→ **PROVIDED DATA**
===
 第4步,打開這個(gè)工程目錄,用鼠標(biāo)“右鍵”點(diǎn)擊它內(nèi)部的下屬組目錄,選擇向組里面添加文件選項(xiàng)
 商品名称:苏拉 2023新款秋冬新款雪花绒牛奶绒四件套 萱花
===
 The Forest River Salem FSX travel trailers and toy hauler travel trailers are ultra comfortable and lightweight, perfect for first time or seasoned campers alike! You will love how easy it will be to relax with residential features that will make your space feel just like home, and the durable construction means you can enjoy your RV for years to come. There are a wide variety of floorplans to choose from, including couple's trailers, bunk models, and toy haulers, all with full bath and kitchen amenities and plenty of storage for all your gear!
===
Only one stretch of the entries above is wanted: the lines from the one containing "第4步,打開這個(gè)工程" through the one containing "商品名称:苏拉 2023新款秋冬新款雪花绒牛奶绒四件套 萱花". Please reproduce it exactly.

→ **WRITTEN SOLUTION**
 第4步,打開這個(gè)工程目錄,用鼠標(biāo)“右鍵”點(diǎn)擊它內(nèi)部的下屬組目錄,選擇向組里面添加文件選項(xiàng)
 商品名称:苏拉 2023新款秋冬新款雪花绒牛奶绒四件套 萱花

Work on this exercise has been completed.